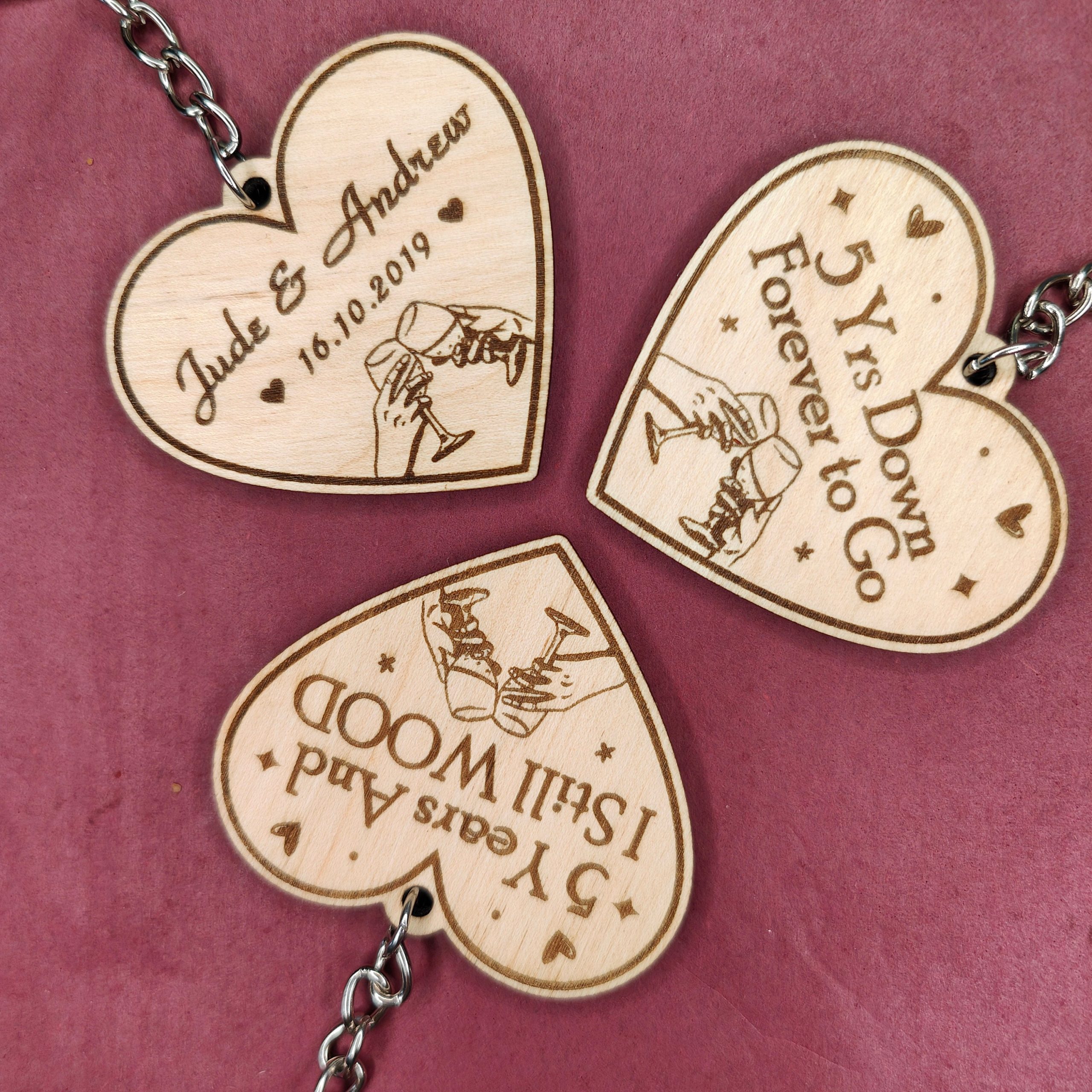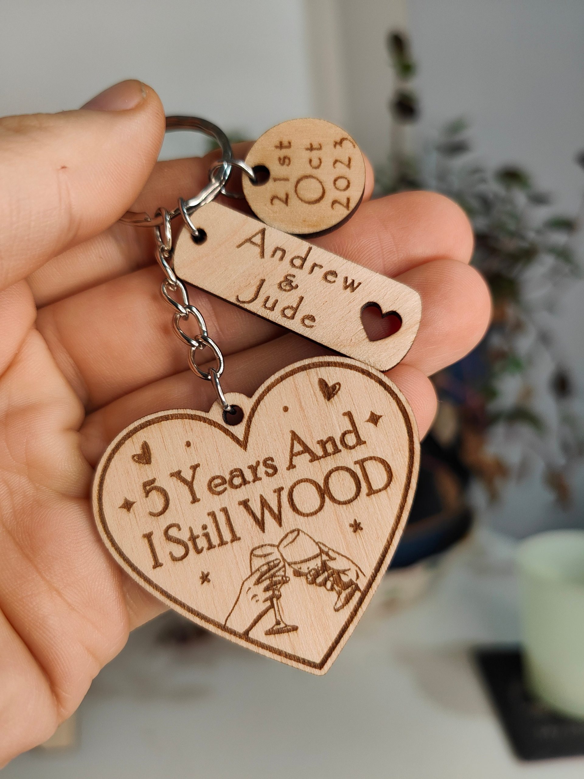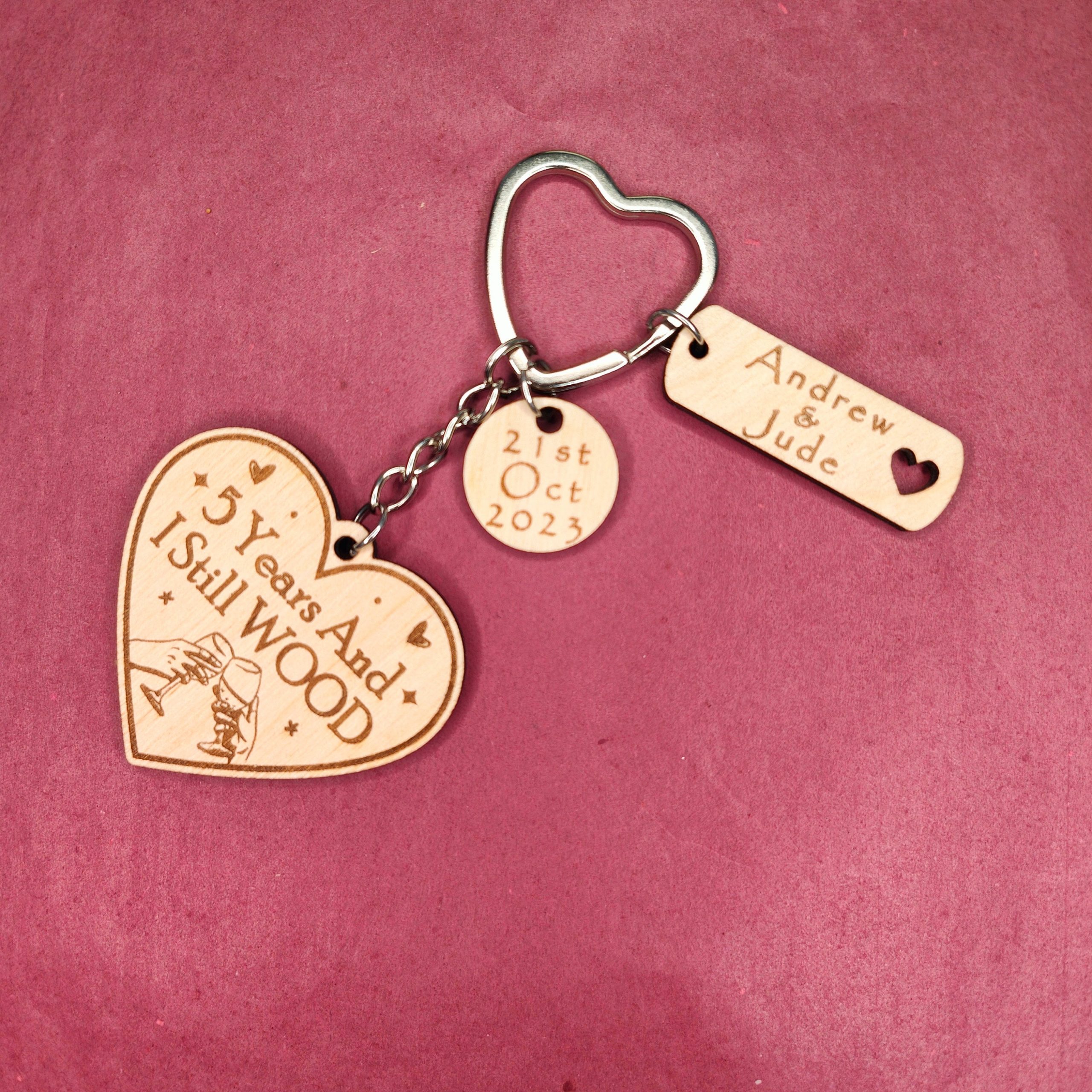 1 x Wooden Heart Engraved Anniversary Keyring
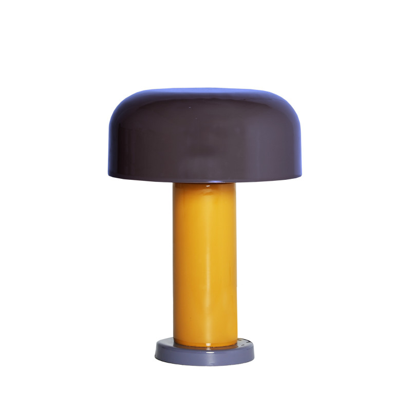 Lampara de sobremesa Albate de estilo moderno, fabricado en vidrio en color morado en color crema y hierro en color mostaza.
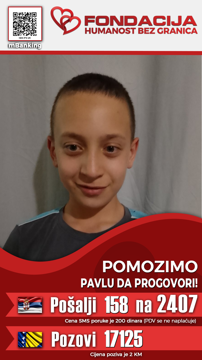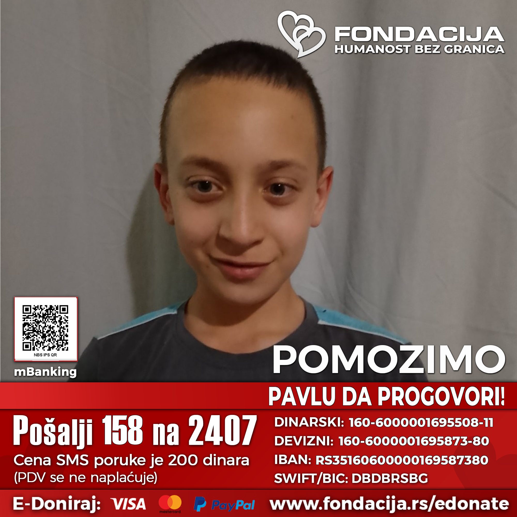 Pozivamo sve ljude dobre volje da pomognu Pavlu da dobije priliku da progovori i lakše komunicira sa svojim okruženjem. Svaka pomoć je korak bliže njegovom napretku.
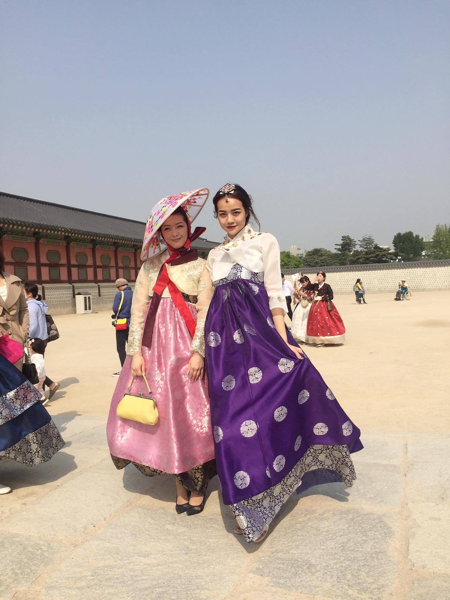 Diện trang phục truyền thống tông xanh trắng, Kiều Ngân nhận được nhiều lời khen từ những người bạn Hàn Quốc. Bởi nàng hoa hậu mặc Hanbok rất đẹp và giống với người bản xứ.

Work required =
Once the pictures are removed, copy the listing exactly.

Output of the task =
 1 x Wooden Heart Engraved Anniversary Keyring
 Lampara de sobremesa Albate de estilo moderno, fabricado en vidrio en color morado en color crema y hierro en color mostaza.
 Pozivamo sve ljude dobre volje da pomognu Pavlu da dobije priliku da progovori i lakše komunicira sa svojim okruženjem. Svaka pomoć je korak bliže njegovom napretku.
 Diện trang phục truyền thống tông xanh trắng, Kiều Ngân nhận được nhiều lời khen từ những người bạn Hàn Quốc. Bởi nàng hoa hậu mặc Hanbok rất đẹp và giống với người bản xứ.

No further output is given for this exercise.